Image Caption: Virtual stethoscope recordings from biomechanics simulations (left) can be used to develop an algorithm which can accurately recognize acoustic features of heart sounds from healthy (right; top) and stenotic (right; bottom) aortic valves. This technology can alleviate the diagnostic subjectivity of manual auscultation and enable at-home, inexpensive self-monitoring.
Cardiac auscultation, or listening to heart sounds with a stethoscope, is a fast and inexpensive way to screen for cardiac defects or conditions, and one that has been used for centuries. Despite its advantages, auscultation is a specialized skill that can be tough to master without extensive clinical experience -– meaning a valuable diagnostic tool is falling into disuse.
Johns Hopkins University researchers are hoping to revive cardiac auscultation by coupling it with computational modeling and machine learning. Rajat Mittal runs the Flow Physics and Computation Lab, where he and fourth-year doctoral student Shantanu Bailoor developed an algorithm that “listens” to heart sound recordings and detects heart disease with an accuracy that is similar to that of expert cardiologists.
“Our computer-assisted auscultation was able to accurately detect heart valve failure up to 90% of the time,” said Mittal, a professor in the Department of Mechanical Engineering at Johns Hopkins Whiting School of Engineering.
The initial findings of the research will be presented at the American Physical Society’s 74th Annual Meeting of the APS Division of Fluid Dynamics, held November 21-23, 2021.
Heart sounds are produced by turbulent flow of blood, and contain vast amounts of disease-related information. In their study, the researchers set out to investigate the generation of murmurs, or abnormal heart sounds related to defective heart valves.
Using computational modeling, the scientists created simulations of cardiac blood flow as well as the associated heart sounds of both healthy and defective heart valves. Using insights from their simulations, they designed a machine learning algorithm which listens to heart sound recordings and identifies murmurs that should be examined further.

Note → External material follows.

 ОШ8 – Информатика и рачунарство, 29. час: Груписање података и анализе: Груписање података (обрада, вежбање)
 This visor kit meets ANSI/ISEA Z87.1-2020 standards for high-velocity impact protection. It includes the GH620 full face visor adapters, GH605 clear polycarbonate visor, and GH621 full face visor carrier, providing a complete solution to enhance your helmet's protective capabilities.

Bailoor said their results have exciting implications for smart stethoscopes powered by machine learning, which could help repopularize the centuries-old technique of cardiac auscultation.

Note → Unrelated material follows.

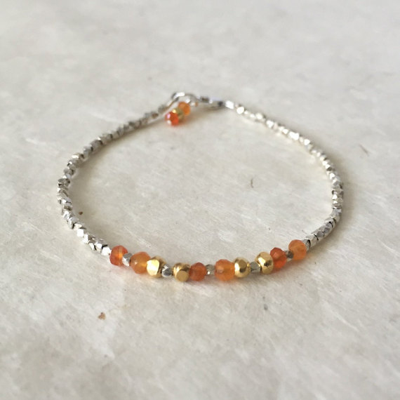 At a Great PriceCarnelian Karen Hill Tribe Thai Gold and Silver Beaded Bracelet, Sundance Style, Boho Stacking Bracelet, Layering Bracelet 3-4mm Code- WAR6444

“Automated cardiac auscultation alleviates some of the subjectivity in auscultation-based diagnosis. We think this technology can be very useful for the early detection and monitoring of heart valve failure and other cardiac conditions,” said Bailoor.
The software has potential to not only assist cardiologists during patient exams, but also to advance home-based and more affordable cardiac screening and monitoring, he adds.
“Our technology can be used to design accurate digital stethoscope platforms, which can facilitate at-home preliminary screening of heart diseases without a trained physician, and empower patients to take greater responsibility for their own health,” said Bailoor.
Other scientists who conducted the research are Jung Hee Seo, assistant research professor of mechanical engineering, and Stefano Schena, assistant professor in the Johns Hopkins Division of Cardiac Surgery. The work was supported by the 2020 Mirowski Discovery Award, presented by the Johns Hopkins University Division of Cardiology.